Ministro e Lula contestam
Por meio de nota (leia a íntegra ao final desta reportagem), o ministro José Eduardo Cardozo, que falou também em nome da presidente Dilma Rousseff, afirmou que as denúncias do senador Delcídio do Amaral (sem partido-MS), que fundamentaram o pedido, são "absolutamente levianas e mentirosas".
A nota também critica o vazamento de um inquérito sigiloso "antes mesmo que quaisquer investigações pudessem ser feitas em relação às inverdades contidas na delação premiada do senador".
O Instituto Lula divulgou nota (leia a íntegra ao final desta reportagem) na qual afirma: "Só existe um crime evidente neste episódio: a gravação clandestina e divulgação ilegal de um telefonema da presidenta da República".
Motivos do pedido
No pedido de abertura de inquérito, Janot menciona a nomeação do ministro Marcelo Navarro Ribeiro Dantas para o Superior Tribunal de Justiça (STJ) no ano passado; e também a nomeação do ex-presidente Luiz Inácio Lula da Silva para ministro da Casa Civil neste ano.

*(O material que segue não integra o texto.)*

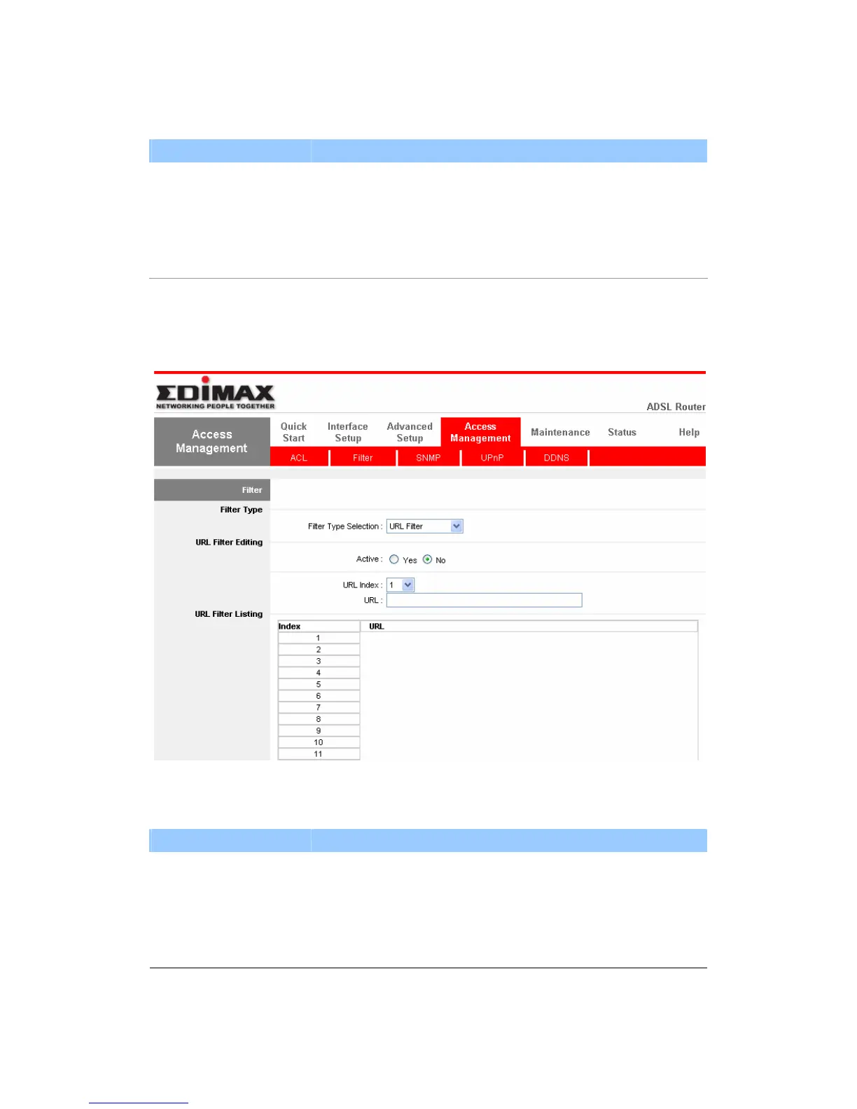 Active Activate or deactivate the URL filter.
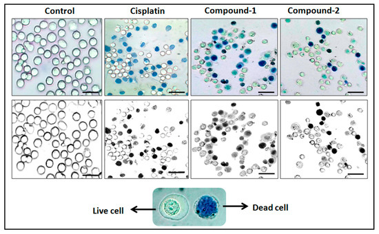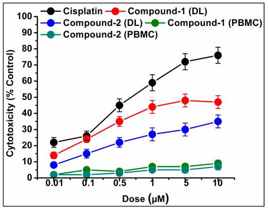 The trypan blue assay is based on the fact that living cells with intact cell membranes do not allow trypan blue dye to enter the cell membrane; in contrast, it can enter the damaged cell membrane of non-viable cells and stain as blue. As a result, when trypan blue dye is added to a treated cell culture, the non-viable cells appear as blue, and viable cells appear as clear/unstained [101]. In this study, the trypan blue assay revealed that the compounds are able to induce concentration dependent cytotoxicity in DL cells (Figure 12 and Figure 13), with nominal effects in normal healthy PBMC cells. Comparative analysis reveals that compound 1 induced higher cytotoxicity than that of compound 2 after 24 h of treatment. The findings obtained for the compounds were analyzed comparatively with the reference drug cisplatin [102], which shows higher cytotoxicity than the compounds. The half maximum inhibitory concentration (IC50), defined as the concentration required for 50% cell death in a cell culture, is often used to evaluate the cytotoxic potency of newly developed compounds/drugs. Figure 14 represents the dose response curves and the IC50 values for the compounds and cisplatin. Compound 1 exhibits a lower IC50 value (43 μM) as compared to compound 2 (78 μM) in the DL cell line after 24 h of treatment (Figure 14). The IC50 value of the reference drug, cisplatin, was found to be 0.63 μM in the same experimental setup.
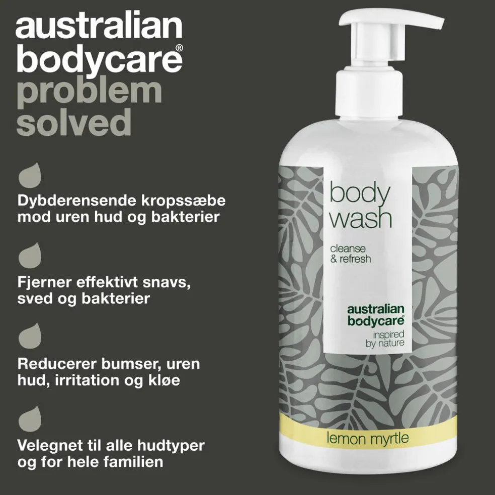 Body Wash med Lemon Myrtle til uren hud på kroppen, bumser på ryggen, ballerne og andre hudområder.
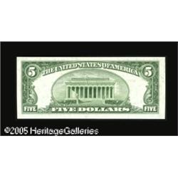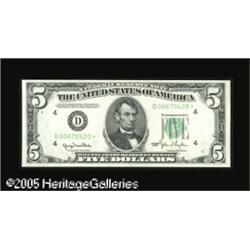 <B>Fr. 1961-D* $5 1950 Wide II Federal Reserve Note. Gem Crisp Uncirculated.</B></I><BR>We originally sold this note with back plate number 2086 in September, 2003, and the description read in part, "A new discovery of considerable significance to collectors of small size star notes, as hitherto no star examples have been reported of the Wide II variety for any of the 12 issuing districts. Fortunately for the collecting fraternity, this specimen is a lovely fully original gem, with wonderful centering and no defects of any kind whatever." The fifth edition of Oakes has been released since then, and a Philly Wide II star has been recorded. Still, this is an important rarity, and who knows when the next opportunity will be to acquire a Wide II star. Lot:15947
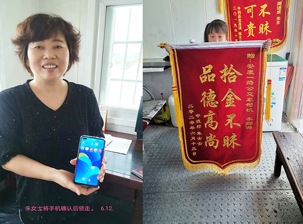 “感謝你,李師傅,要不是你,我的手機可能真的就找不到了......”6月13日,朱女士攜帶一面“拾金不昧 品德高尚”的錦旗,送至市公交公司火車站調度室,見到駕駛員李飛時連忙道謝。

Em delação premiada, o senador Delcídio do Amaral (ex-PT-MS) e seu ex-chefe de gabinete Diogo Ferreira disseramque Marcelo Navarro foi nomeado para o STJ sob o compromisso de conceder liberdade a donos de empreiteiras presos na Operação Lava Jato, o que ele nega.
A nomeação de Lula passou a ser analisada a partir de uma gravação autorizada e divulgada pelo juiz Sérgio Moro de uma conversa com Dilma na véspera da posse. No diálogo, a presidente diz que enviaria a Lula um “termo de posse”, para ser usado só “em caso de necessidade”.
Investigadores suspeitam que o documento foi enviado às pressas, junto com a nomeação em edição extra do “Diário Oficial da União”, para evitar uma eventual prisão do ex-presidente pelo juiz Sérgio Moro. Essa suposta manobra é interpretada pelo procurador como crime de obstrução da Justiça.”